Output the lines of the records below exactly, beginning at their first line and ending at the line with "We used the"; include no pictures.

>>>

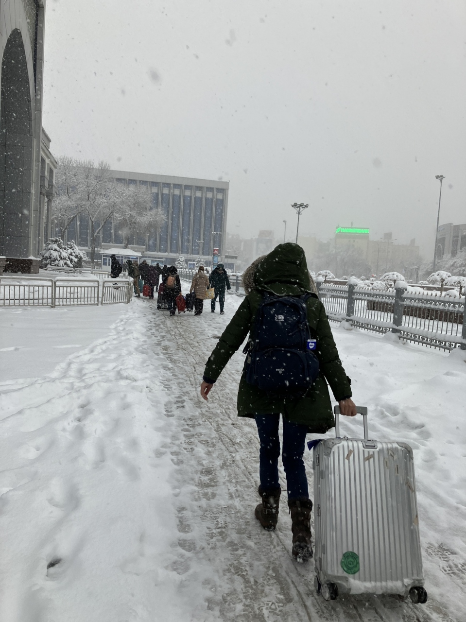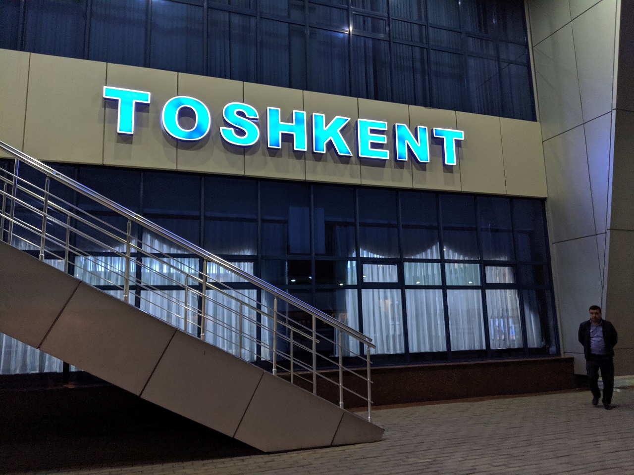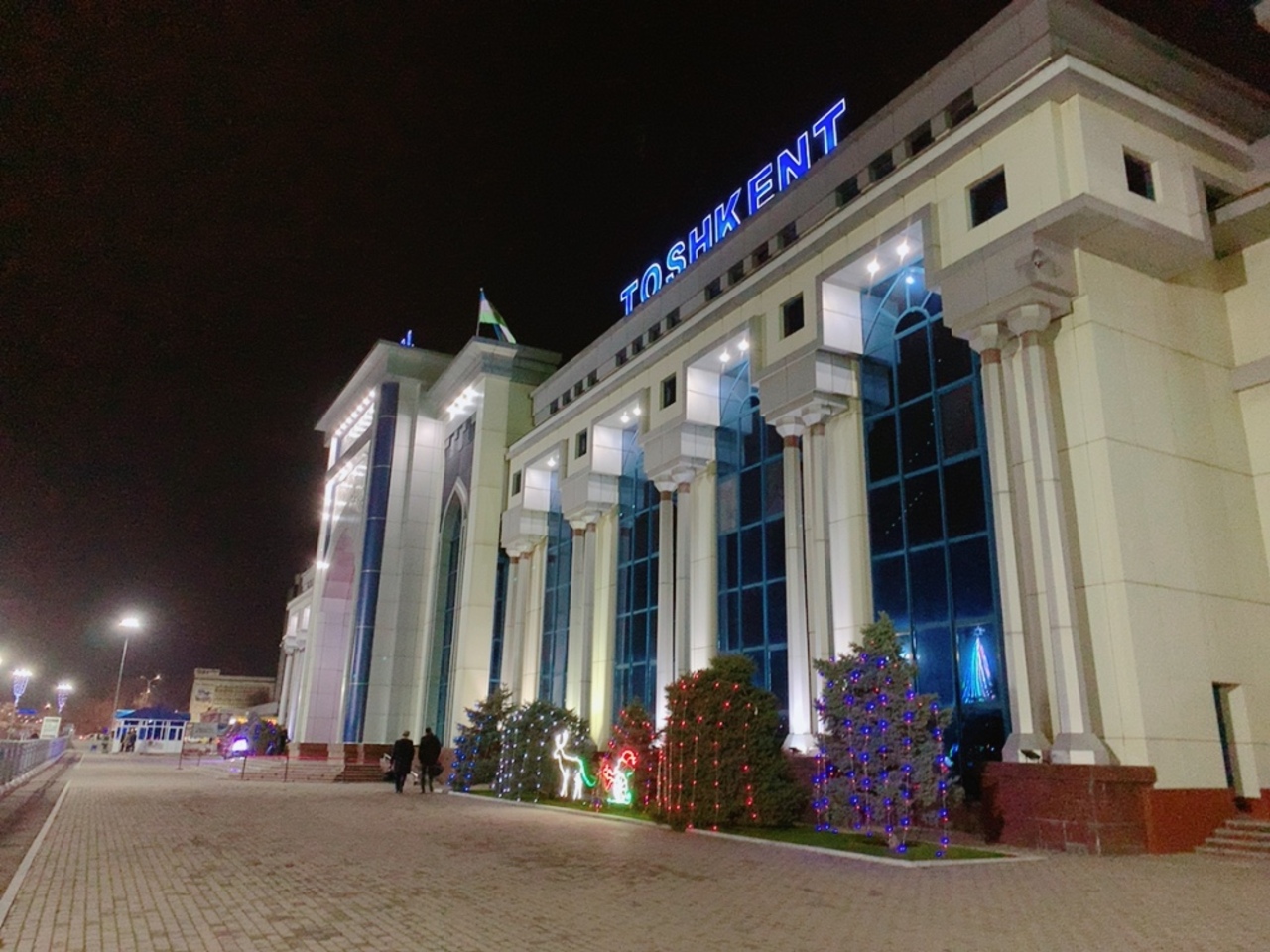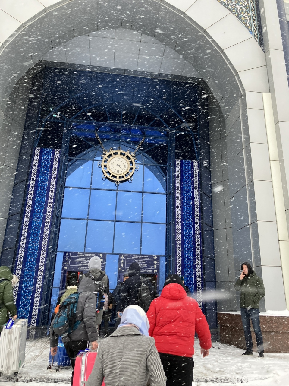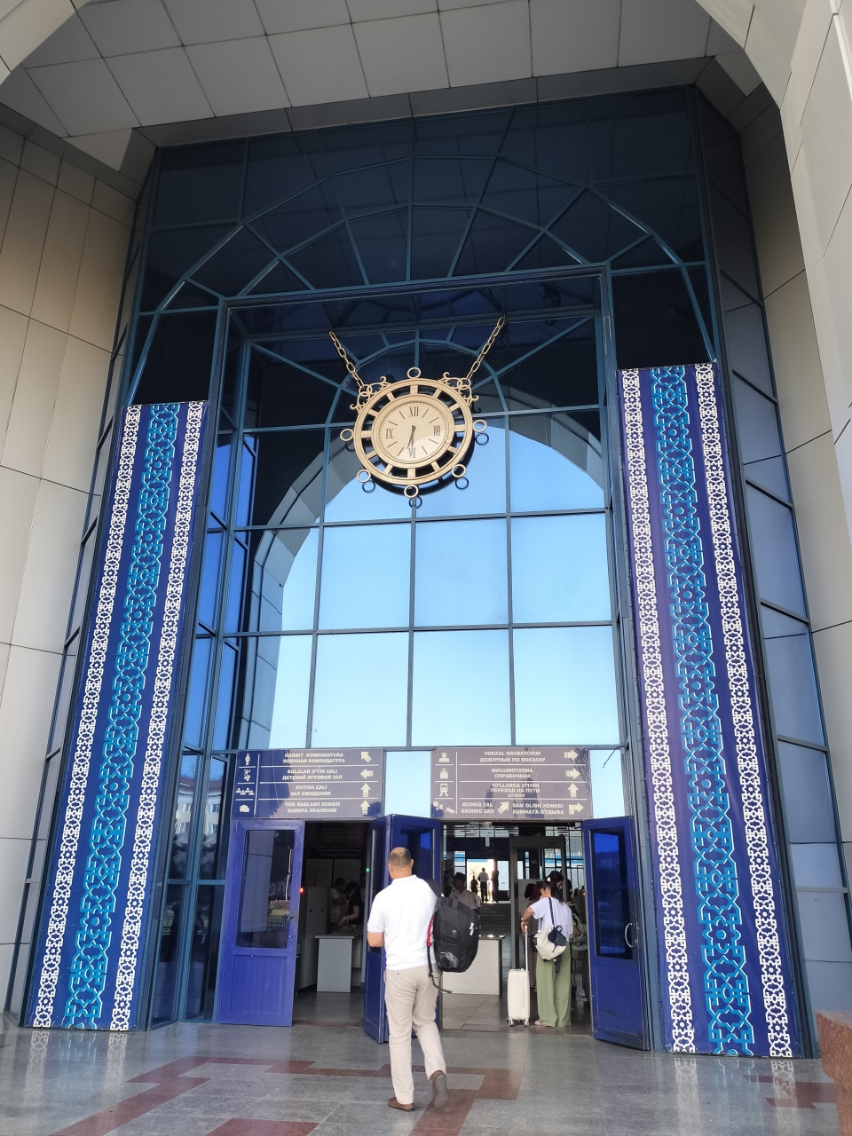 階段を上るのも大変。駅舎はイスラムの紋様。
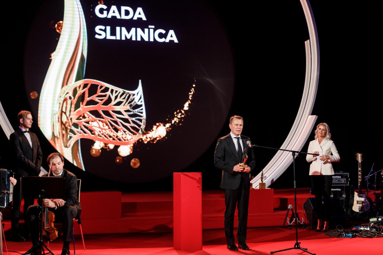 Mr Valts Ābols, Chairman of the Board of the Children's Hospital receives the Hospital of the Year award
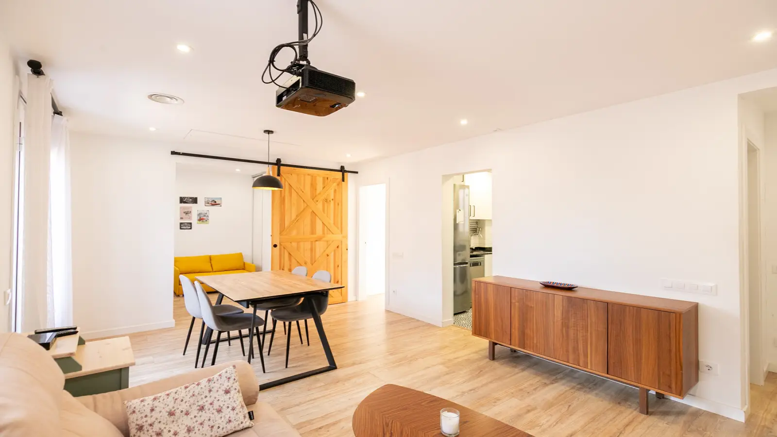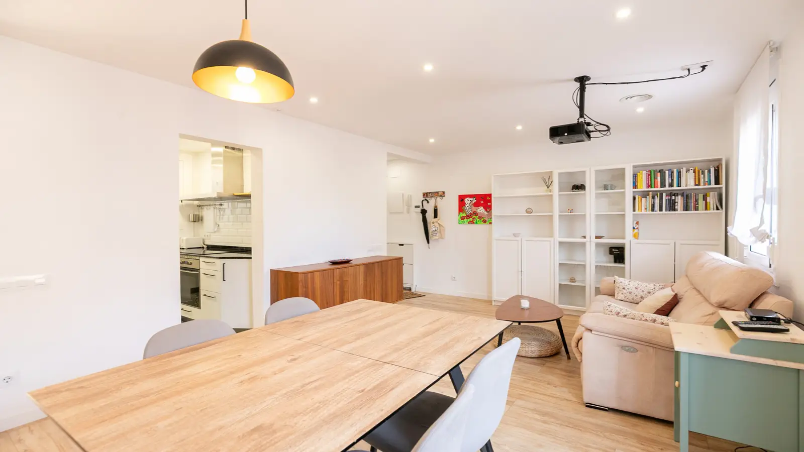 Cet appartement comprend un séjour/salle à manger lumineux avec canapé, projecteur et étagères pratiques de style bibliothèque, ainsi qu'une table à manger pour 4 personnes. De là, vous accédez à un agréable balcon extérieur avec table et chaises, idéal pour savourer un café le matin ou se détendre en plein air avec vue sur la rue.
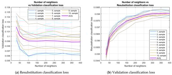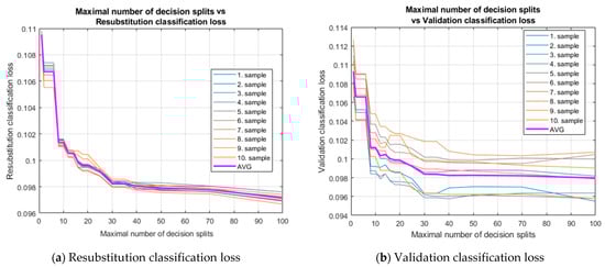 We used the iterative method to find out the most suitable parameter values. We monitored AUC and MCC metrics throughout the iteration process with the validation and resubstitution classification loss. In general, the classification error or loss is the weighted fraction of misclassified observations. Such an error measured in the validation sub-sample is called the validation loss. When measured in the training sub-sample, this error is referred to as the resubstitution loss. We looked for the appropriate interval where the AUC and MCC metrics showed good results in the first step. Afterwards, we examined the interval with a focus on a proper balance between these classification losses.
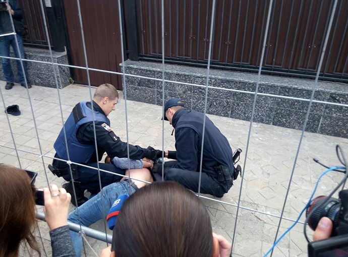Как видно из трансляции, после задержания Назаренко активисты повредили заградительную сетку возле посольства.

<<<

- _COMPLETED EXERCISE_
 階段を上るのも大変。駅舎はイスラムの紋様。
 Mr Valts Ābols, Chairman of the Board of the Children's Hospital receives the Hospital of the Year award
 Cet appartement comprend un séjour/salle à manger lumineux avec canapé, projecteur et étagères pratiques de style bibliothèque, ainsi qu'une table à manger pour 4 personnes. De là, vous accédez à un agréable balcon extérieur avec table et chaises, idéal pour savourer un café le matin ou se détendre en plein air avec vue sur la rue.
 We used the iterative method to find out the most suitable parameter values. We monitored AUC and MCC metrics throughout the iteration process with the validation and resubstitution classification loss. In general, the classification error or loss is the weighted fraction of misclassified observations. Such an error measured in the validation sub-sample is called the validation loss. When measured in the training sub-sample, this error is referred to as the resubstitution loss. We looked for the appropriate interval where the AUC and MCC metrics showed good results in the first step. Afterwards, we examined the interval with a focus on a proper balance between these classification losses.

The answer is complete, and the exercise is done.